Identifying Sparsely Active Circuits Through Local Loss Landscape Decomposition
This work addresses the challenge of mechanistic interpretability for researchers by providing a tool to uncover underlying circuits, though it appears incremental as it builds on existing interpretability methods.
The paper tackled the problem of understanding neural network circuits by introducing Local Loss Landscape Decomposition (L3D), a method that identifies low-rank subnetworks in parameter space, and demonstrated its effectiveness in recovering known subnetworks in toy models and applying it to real-world models like transformers and CNNs.
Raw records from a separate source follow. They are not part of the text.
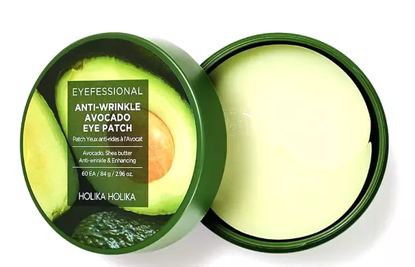 Holika Holika Eyefessional Anti-Wrinkle Avocado Eye Patch to innowacyjne hydrożelowe płatki pod oczy, które zawierają ekstrakt z awokado oraz masło shea. Zestaw składa się z 60 sztuk, które dogłębnie odżywiają i ujędrniają delikatną skórę wokół oczu. Produkt wykazuje działanie przeciwzmarszczkowe, a dzięki zawartości elastyny, kolagenu i kwasu hialuronowego zapewnia natychmiastowe i długotrwałe nawilżenie. Idealne dla skóry dojrzałej, z oznakami starzenia. Elastyczna, żelowa konsystencja płatków reaguje na temperaturę skóry, delikatnie się rozpuszczając, co pozwala na szybkie i równomierne wchłanianie substancji aktywnych.
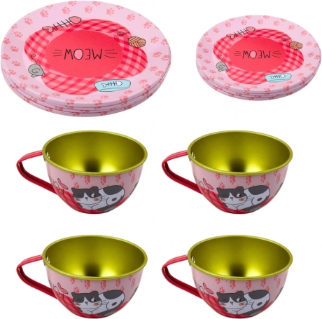 Geef uw kinderen een bijzondere ervaring met rollenspellen in huis en theevisites dankzij dit metalen servies met kattenmotief. De set is ontworpen om de fantasie en sociale vaardigheden van kinderen te stimuleren. Ideaal voor zelfstandig spelen of samen met broers, zussen en vrienden.
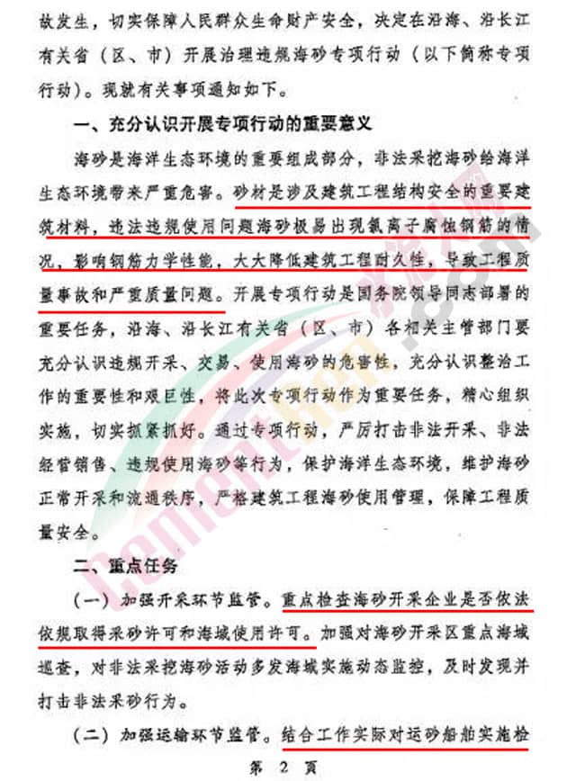 通知文件稱:近期,媒體反映部分地區(qū)大量違規(guī)海砂涌入建筑市場,嚴重威脅建筑工程質(zhì)量。為貫徹落實國務院領導同志重要批示要求嚴厲打擊違規(guī)開采、交易、使用海砂行為,防范建筑工程質(zhì)量事故發(fā)生,切實保障人民群眾生命財產(chǎn)安全,決定在沿海、沿長江有關省(區(qū)、市)開展治理違規(guī)海砂專項行動。

Much of mechanistic interpretability has focused on understanding the activation spaces of large neural networks. However, activation space-based approaches reveal little about the underlying circuitry used to compute features. To better understand the circuits employed by models, we introduce a new decomposition method called Local Loss Landscape Decomposition (L3D). L3D identifies a set of low-rank subnetworks: directions in parameter space of which a subset can reconstruct the gradient of the loss between any sample's output and a reference output vector. We design a series of progressively more challenging toy models with well-defined subnetworks and show that L3D can nearly perfectly recover the associated subnetworks. Additionally, we investigate the extent to which perturbing the model in the direction of a given subnetwork affects only the relevant subset of samples. Finally, we apply L3D to a real-world transformer model and a convolutional neural network, demonstrating its potential to identify interpretable and relevant circuits in parameter space.